Die weiteren Jahresläufe von Moscheles’ Biographie bringen noch viel Anziehendes und Bemerkenswerthes. Darunter zählen wir besonders seinen Verkehr mit Walter Scott, Henriette Sonntag und Paganini. Sehr hübsch ist ein Abend bei Moscheles beschrieben, wo Henriette Sonntag mit Walter Scott und Clementi zusammentraf und die beiden alten Herren der reizenden Sängerin ganz entzückt den Hof machten. Walter Scott beschrieb ihr jede Falte des schottischen Costüms, wie sie es in der „Donna del Lago“ tragen müsse, und Clementi erhob sich plötzlich mit den Worten: „Heute Abends möchte ich auch spielen!“ Das gab allgemeinen Jubel. „Er phantasierte mit Jugendfrische,“ schreibt Moscheles, „und schon der Umstand, daß er sich sonst nie hören ließ, gab seinem Spiele großen Reiz. Nun hätte ihr sehen sollen, wie die beiden Greise, Scott und Clementi, sich über einander freuten, sich die Hände gaben, trotz beiderseitiger Sonntag-Bewunderung gar nicht eifersüchtig auf einander waren, sondern der große Mann dem großen Manne Anerkennung zollte.“ Auch Heinrich Heine kam in London gern und häufig in Moscheles’ Haus, meist ungebeten, zu Tische. Frau Moscheles verschaffte ihm zu allen Privat-Galerien, Parks, öffentlichen Gebäuden die Einlaßkarten, bat sich aber dafür aus, daß Heine in seinem Buche über England Moscheles nicht nenne.
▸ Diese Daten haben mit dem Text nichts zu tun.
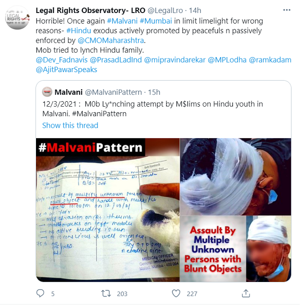 The men destroyed the food stall, abusing them and hitting them saying 'Maaro Kafiro ** ko', '** NepaIi'. One of them grabbed a rod and hit the elder brother on his head who felt unconscious and started bIeeding. They also threatened, said, "We won't leave you alive" and robbed the gold chain of the elder brother. The Charkop Police as noted, made the victim sit for 4-5 hours in the station before registering the complaint and eventually failed to register the case of robbery saying the chain must have fell off. The accused are all residents of Malvani who's MLA Aslam Shaikh is now a minister of MVA govt.

Auf sein Erstaunen erklärte sie weiter: „Moscheles’ Specialität ist die Musik, die interessirt Sie vielleicht, aber Sie haben doch kein besonderes Verständniß dafür, können also nicht eingehend darüber schreiben. Hingegen könnten Sie leicht irgend einen Anhalt für Ihre genialisch-satyrische Ader an ihm finden und den bearbeiten, das möchte ich nicht.“ Heine gab ihr lachend seine Hand darauf. Ein hübscher, echt weiblicher Zug. Moscheles’ Biographie wird je weiter desto reichhaltiger und lebendiger. Wir haben allen Grund, dem zweiten Bande mit Vergnügen entgegenzusehen, und werden nicht unterlassen, seinerzeit unseren Lesern davon zu erzählen.

Fußnoten
  • *)Aus Moscheles’ Leben.“ Nach Briefen und Tagebüchern herausgegeben von seiner Frau. Erste Band. 1872. Leipzig, bei Duncker und Humbolt.